Run from your husband and Tom guy. Why would you trust him about affair? Do you have any proof or do you have only his word.

Tell the wife of this Tom guy. She deserves to know.

I think you are feeling naughty about this blackmail thing.


----------



## Thound (Jan 20, 2013)

Roselyn said:


> What are Penthouse Letters?


Sorry I didn't mean to quote you, and my IPad died before I could correct it.


----------



## soccermom2three (Jan 4, 2013)

I always wonder why we need to know their names.


----------



## Thound (Jan 20, 2013)

Roselyn said:


> What are Penthouse Letters?


Penthouse magazine used to have a section called letters where people would send in their sexual experiences. A lot of times they would open with "dear Penthouse letters"


----------



## MJJEAN (Jun 26, 2015)

Thound said:


> Penthouse magazine used to have a section called letters where people would send in their sexual experiences. A lot of times they would open with "dear Penthouse letters"


The letters were designed to titillate and were frequently so outrageous that most readers are pretty sure the letters were more fiction than fact. But we'd all read those letters anyways because who doesn't like a good story?


----------



## aine (Feb 15, 2014)

Really? this all sounds like fiction to me.

If not, you know what to do. Dump him and move on


----------



## MattMatt (May 19, 2012)

Dump him. Now. Very fast. 

There is hope for you. But no hope for your husband in my opinion.
_Posted via Mobile Device_


----------



## sungazer (Nov 3, 2015)

KWhitehouse said:


> I still love him
> ........
> I'm getting back at my husband for everything he's done to me and everything he hasn't.


These are two mutually exclusive statements. 

You don't love him. You blame him for everything that didn't happen in your life. Your love for him is a convenient explanation of your current situation, where you neither work, nor raise kids. Those were YOUR choices even if it was him asking you for certain things and actions. 

I am sorry, but I don't think you have any future with your H. Even if he never finds out about Tom, he is checking out and will be leaving you rather sooner than later. 

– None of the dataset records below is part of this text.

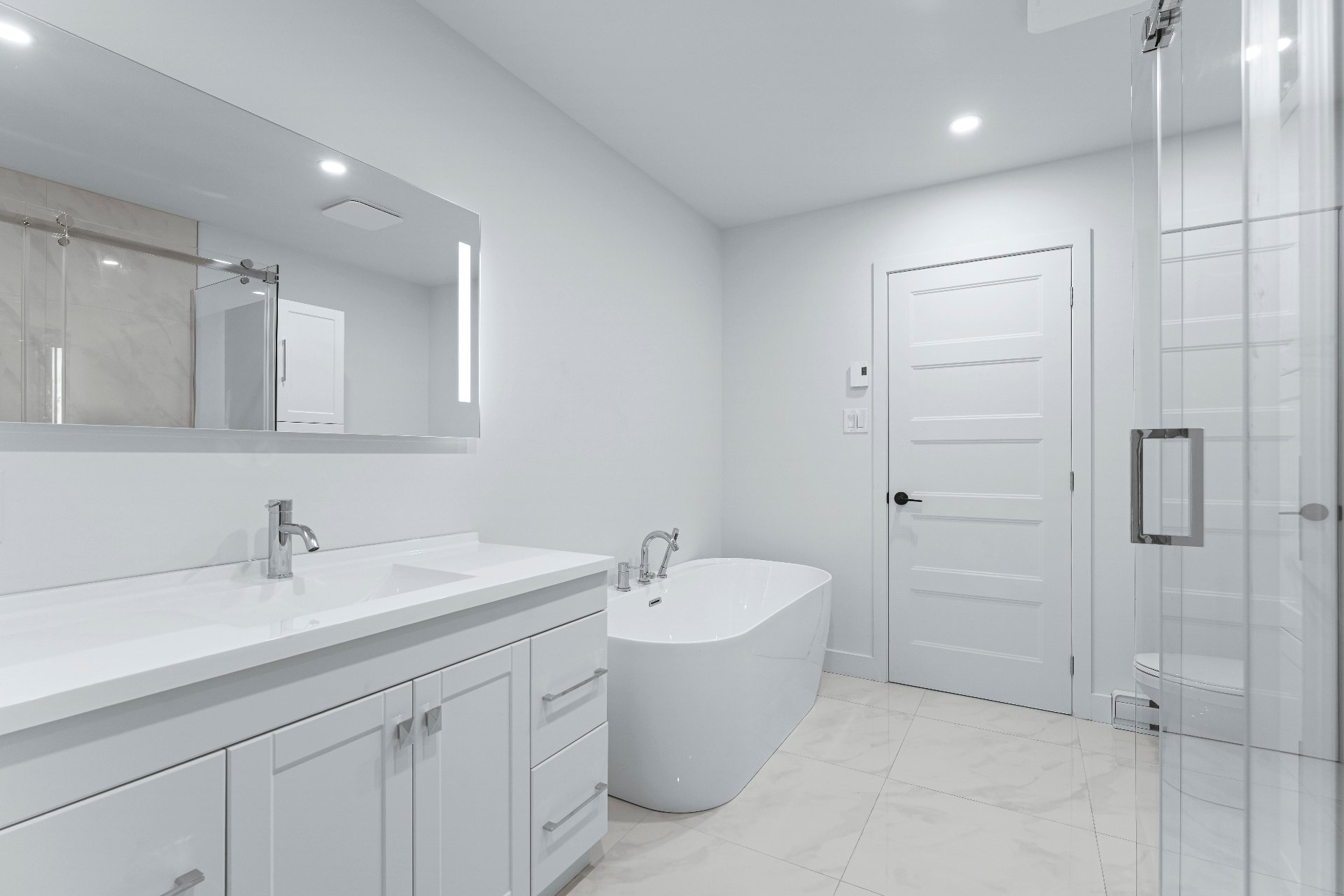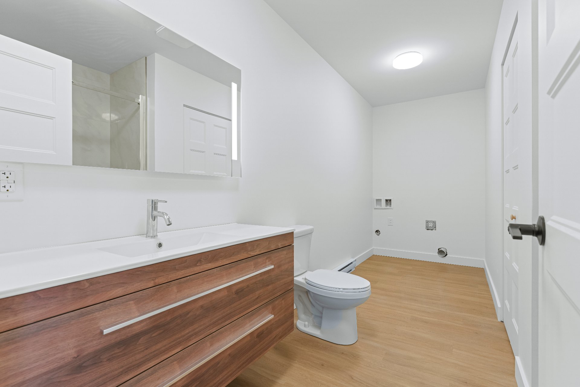 salle de bain complète avec espace laveuse-sécheuse, ainsi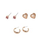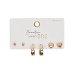 Crea combinaciones infinitas con este Set de Aretes Bañado en Oro Funky Fish. El conjunto incluye desde sutiles puntos de cristal rosado hasta corazones con relieve y aros dorados clásicos, ofreciendo un equilibrio místico entre la elegancia y la ternura para que brilles en toda ocasión.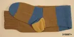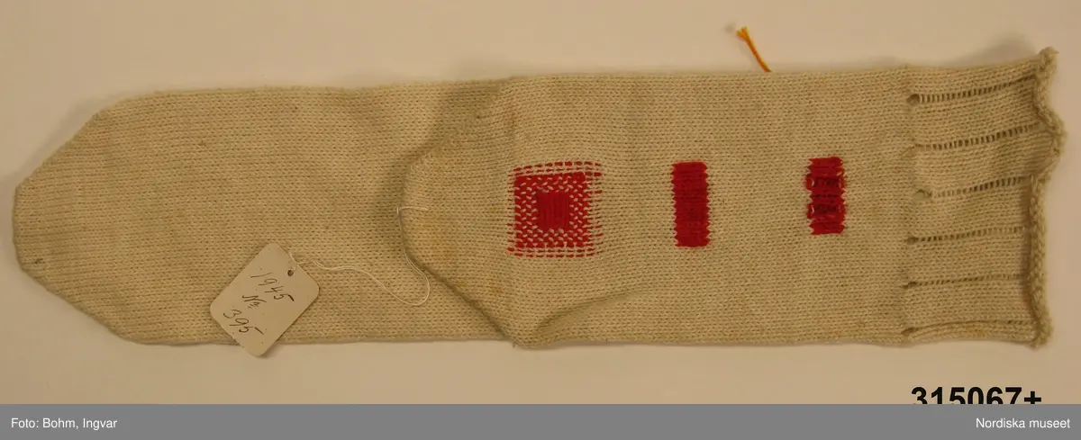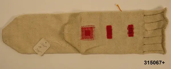 Utställningstext i Skolslöjd (2012): Slöjdinspektrisens makt Det var slöjdinspektrisen som bestämde vad eleverna skulle göra i varje årskurs. Hon var utsedd av skolförvaltningen och träffade alla textillärare för att visa sina modeller. Här syns vad Stockholmseleverna skulle göra. Lärarna talade om hur många elever de hade i varje klass, och inspektrisen såg till att skicka rätt antal meter skolrutigt tyg till skolans materialansvariga. Ett motsvarande system fanns inom träslöjden. Men i slutet av 1950-talet började vissa lärare protestera mot den hårda styrningen uppifrån och på 1960-talet blev undervisningen modernare. Klass 1 Stockholms slöjdinspektris Elsa Valentin anser att barn ska få vara barn. De syr matta och kläder till dockan i stället för duk till fotogenlampan, som föregångaren Hulda Lundin förespråkat. Trådarna som blir över från fransningen blir en tomte. Elsa Valentin var slöjdinspektris i Stockholm 1922-50 och gav ut en egen handbok i slöjd. Klass 3 Eleverna i Stockholm besökte ofta Skansen, och då skulle de ha smörgåsarna i midjeväskan som de sytt i slöjden. Tyget är typiskt grått från krigsåren. Klass 5 Pedagogiskt och tydligt visas strumpans olika delar i olika färg. Den fanns med redan på 1890-talet i Hulda Lundins plansch, som syns på långa väggen. /Maria Perers

I am not trying to hurt you. I just think this is the case.


----------



## ThePheonix (Jan 3, 2013)

Such as this is why I'm against an older broad marrying a younger guy. ( of course its fine and even better if its the other way around) With eleven years difference, you can only imagine how its going to be when you're 65, and Tom is no longer interest, he'll be 54 and some hot 40 year old chick will be melting in his arms and willfully doing what you are forced to do to Tom.
You need to divorce him, get your teaching job back, and next time don't rob the cradle when picking a husband. Find one a few years older and both you and he will be better off and happier for it.
Remember men like and are happier with younger chicks. Therefore it follows that when it comes to woman wanting to be cougars with younger husbands/boyfriends, remember men like and will gravitate towards younger chicks.


----------



## Thound (Jan 20, 2013)

On the outside chance this story is true, did you ever stop to think Tom was lying to you to get in your pants? Did the picture show your husband banging this other chick?
_Posted via Mobile Device_


----------